» WORK INSTRUCTIONS
All pictures are to be omitted while the lines starting at the line with "- alapterülete 86" and ending at the line with "师生们跟随贾老师学习了满族旗" in the material below are retyped exactly, both ends included.

● ● ● ●

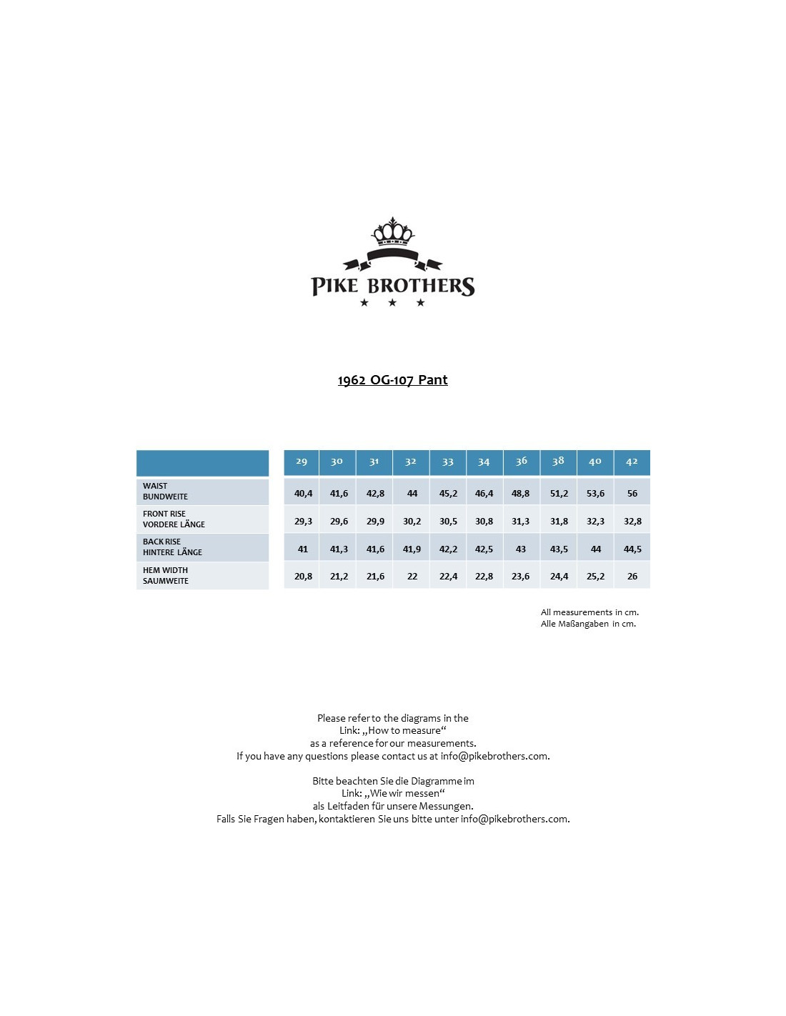 En raison de son utilisation quotidienne et de sa coupe confortable, l'OG-107 fait partie intégrante de la collection Pike Brothers.
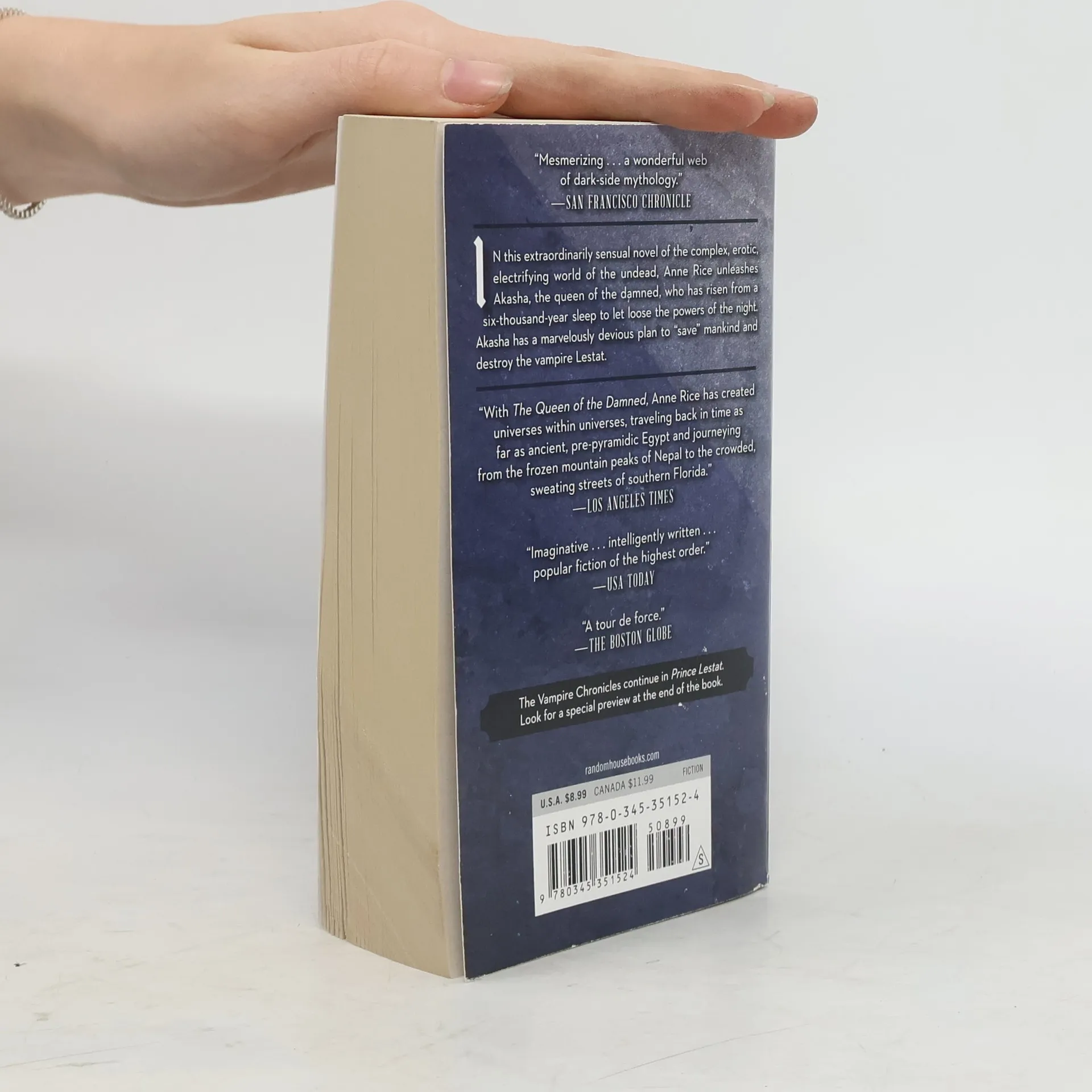 In a feat of virtuoso storytelling, Anne Rice unleashes Akasha, the queen of the damned, who has risen from a six-thousand-year sleep to let loose the powers of the night. Akasha has a marvelously devious plan to “save” mankind and destroy the vampire Lestat—in this extraordinarily sensual novel of the complex, erotic, electrifying world of the undead. Praise for The Queen of the Damned “Mesmerizing . . . a wonderful web of dark-side mythology.”—San Francisco Chronicle “With The Queen of the Damned, Anne Rice has created universes within universes, traveling back in time as far as ancient, pre-pyramidic Egypt and journeying from the frozen mountain peaks of Nepal to the crowded, sweating streets of southern Florida.”—Los Angeles Times “Imaginative . . . intelligently written . . . This is popular fiction of the highest order.”—USA Today “A tour de force.”—The Boston Globe
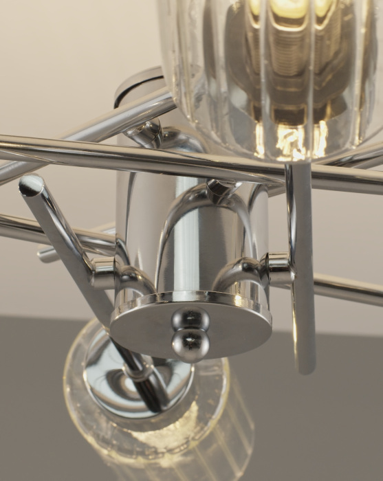 Каркас потолочной люстры реализован из прочного металла, что добавляет ей прочности и долговечности. Плафон в прозрачном цвете придаёт модели лёгкости, элегантности и завершенности, благодаря чему люстра станет настоящим украшением вашего интерьера.
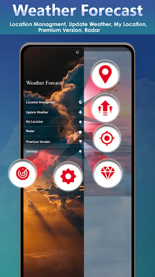 Drawer in weather forecast live weather & radar include very detail settings, location management in weather forecast app allow user to add multiple location in app and can check weather update on one click. Tap on update weather and now user can see updated local weather forecast.my location allows user to get exact weather detail as per GPS real time weather update, Multiple cool 7 weather radar widgets, weather widget are very cool, best weather app for android. Setting includes unit, multiple languages weather app, four language, best weather data app, Currently we offer language south Korean weather app, France weather app, German weather app and japan weather app.different styles of date format are also available in weather app, live weather and radar. User also can manage notification in setting.
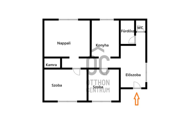 - alapterülete 86 nm, mely nappali, 2 tágas hálószoba, konyha, kamra, fürdőszoba, előszoba, külön WC, elosztású
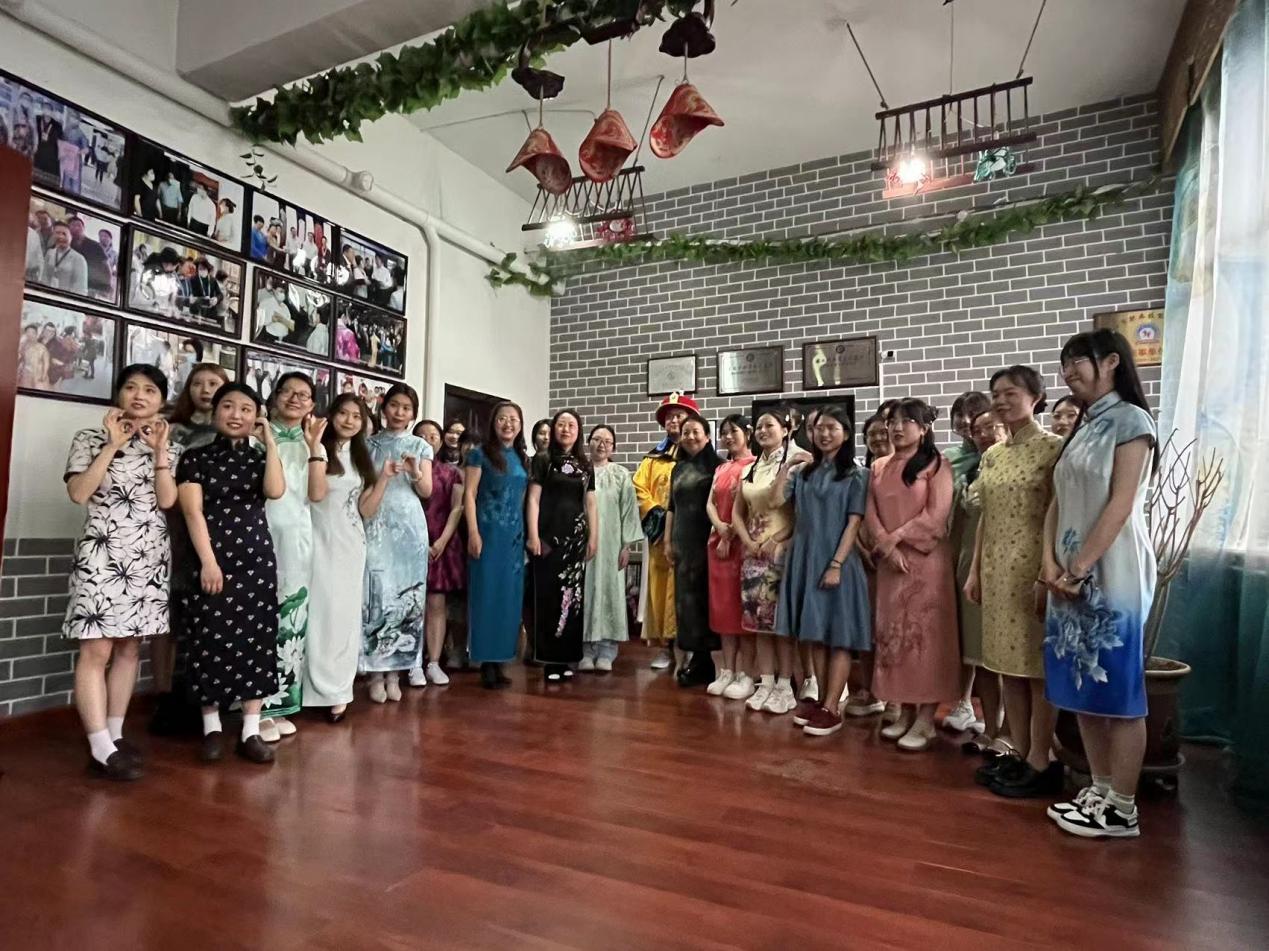 师生们跟随贾老师学习了满族旗袍“盘扣和蝴蝶扣胸针”的制作技艺,穿上了精致华美、技艺精湛的各式旗袍。在学习与体验中对这项传统技艺产生了浓厚的兴趣,充分领略了传统技艺的精细性与文化内涵的丰富性,感受到了文化传承的艰巨性和使命感。
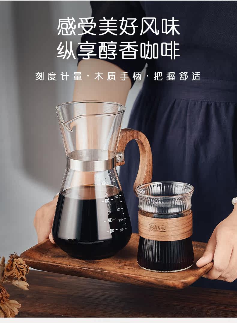 Bincoo Hand -Coffee Sharing Pot и деревянная ручка капельная фильтр стеклян
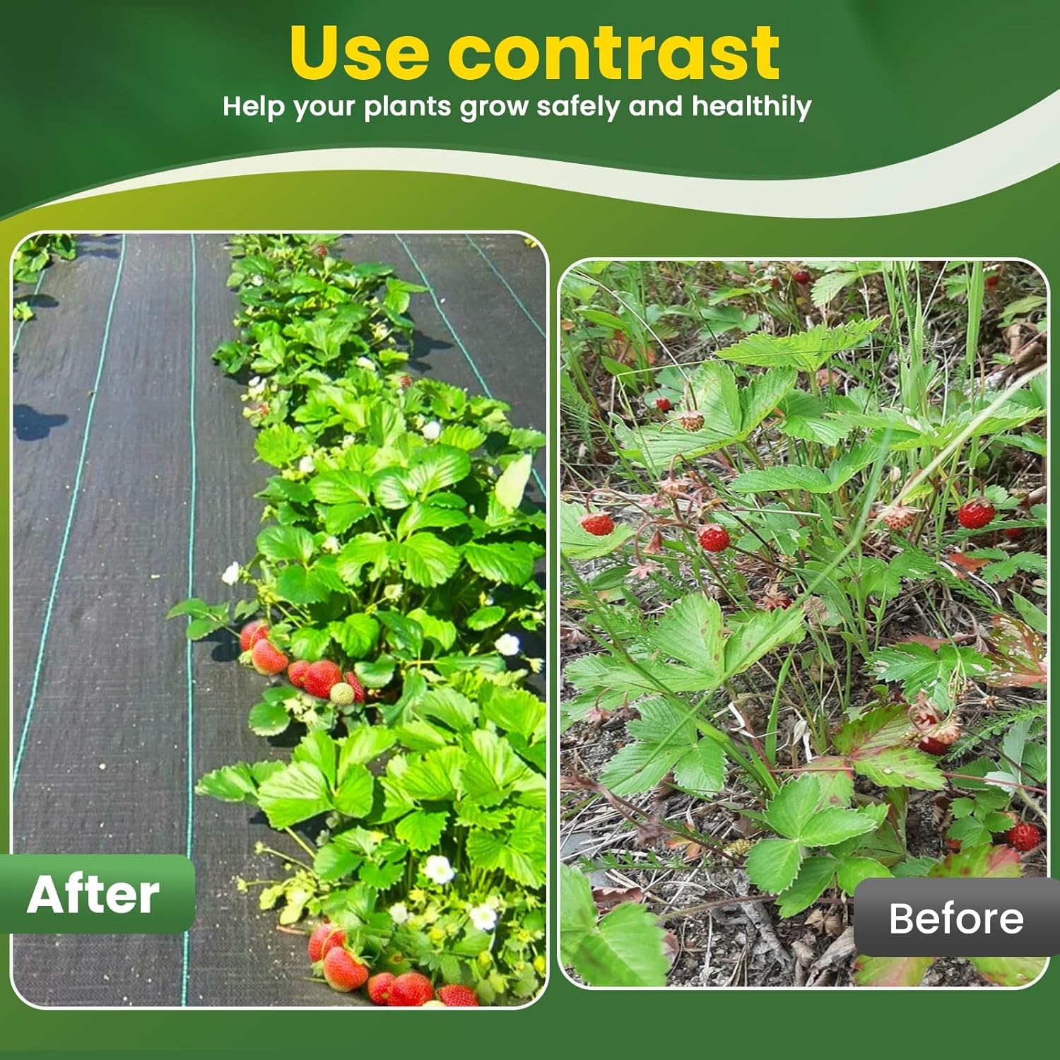 - High-Quality Garden Weed Barrier Fabric: Our garden weed barrier fabric is made of high-density, 3.5OZ woven professional-grade polypropylene, durable and not easy to tear. This weed control fabric is breathable and UV-resistant, ensuring long-lasting performance even in hot, dry climates. Garden fabric weed barrier allows air & water flow while blocking weeds, keeping soil moist and promotes plant growth, making your gardening life easier and more efficient
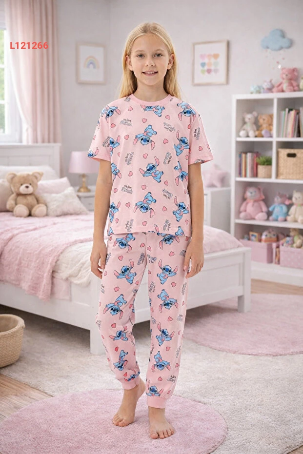استمتع براحة النوم مع طقم البيجاما للأطفال من byalisdmr! مصنوع من 100% قطن سوبرم، يتميز بنقوش جذابة من الستايش والقلوب، ليضفي لمسة من المرح على ليالي نوم طفلك. بفضل تصميمه ذو الأكمام القصيرة وفتحة العنق بشكل بياكلت، يعد الخيار المثالي لصيف مريح وأنيق.
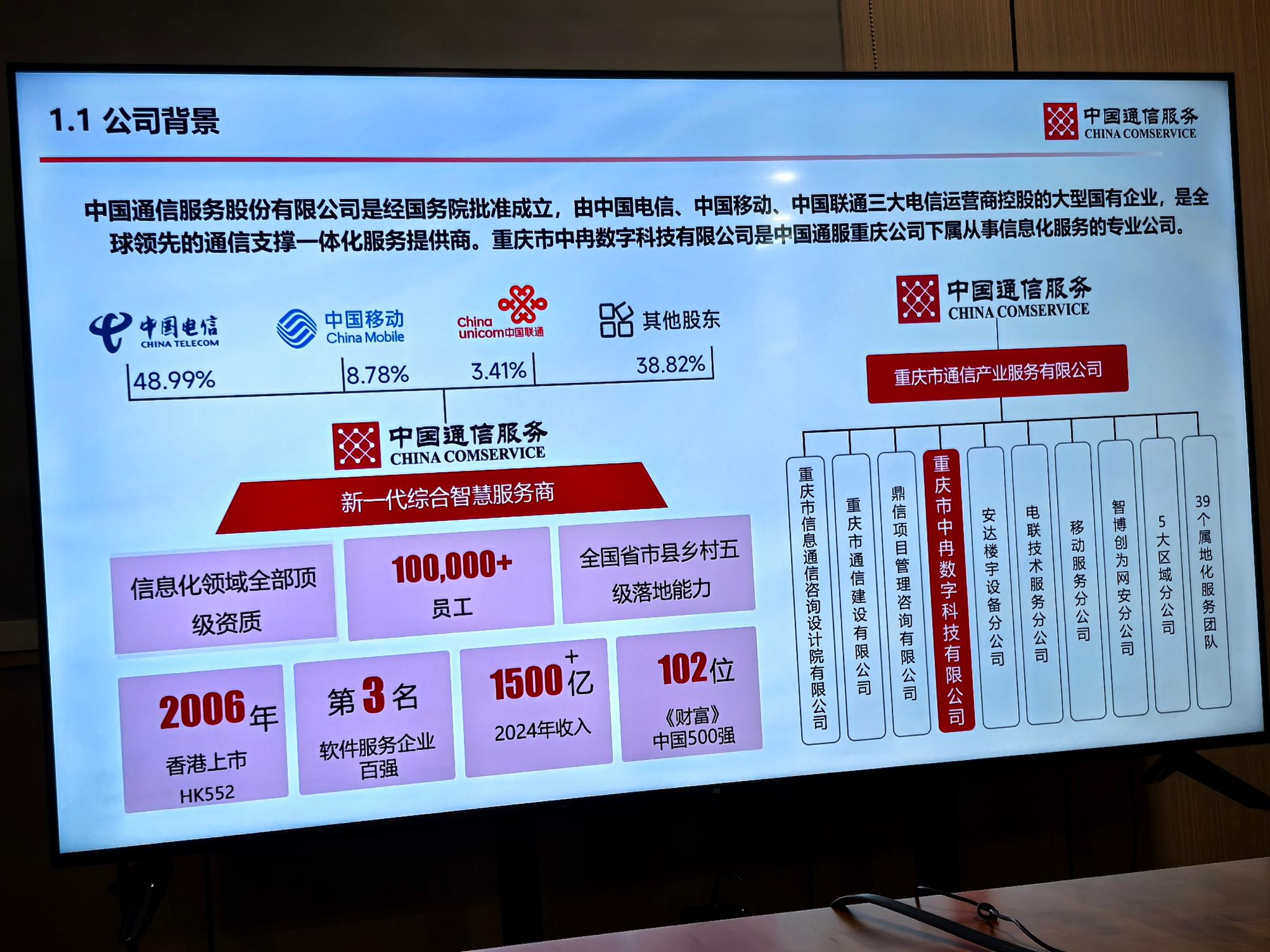 中冉公司数智物联部及低空应急行业负责人段崇禧详细介绍了公司背景、组织架构、团队规模、业务开展和最新技术场景应用等情况。中冉公司市场总监张大智介绍了公司市场拓展和场景应用落地情况。程总介绍了公司最新战略安排:中冉公司是重庆通服下属子公司,主要业务是软件研发(大数据、AI)、高端维保(XC运维)等,目前在低空经济领域开展了深入研究,其低空经济实验室是重庆市低空安全保障技术创新中心,目前在市应急局、市融办均有案例落地。
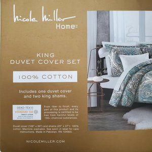 Nicole Miller Floral Medallion Paisley King 3 Pc 100% Cotton Duvet Cover Set
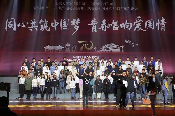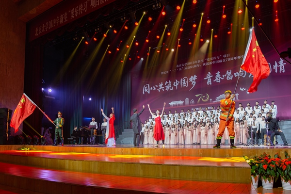 我们的歌声在逸夫贰楼、英杰交流中心、新太阳学生中心、对外汉语教育学院先后响起,而今天终于在百年纪念讲堂唱出对祖国的热爱。学院党委团委老师、班主任、辅导员和新生们一起参与训练、共同登台表演。

● ● ● ●

» OUTPUT FOR THIS EXERCISE
 - alapterülete 86 nm, mely nappali, 2 tágas hálószoba, konyha, kamra, fürdőszoba, előszoba, külön WC, elosztású
 师生们跟随贾老师学习了满族旗袍“盘扣和蝴蝶扣胸针”的制作技艺,穿上了精致华美、技艺精湛的各式旗袍。在学习与体验中对这项传统技艺产生了浓厚的兴趣,充分领略了传统技艺的精细性与文化内涵的丰富性,感受到了文化传承的艰巨性和使命感。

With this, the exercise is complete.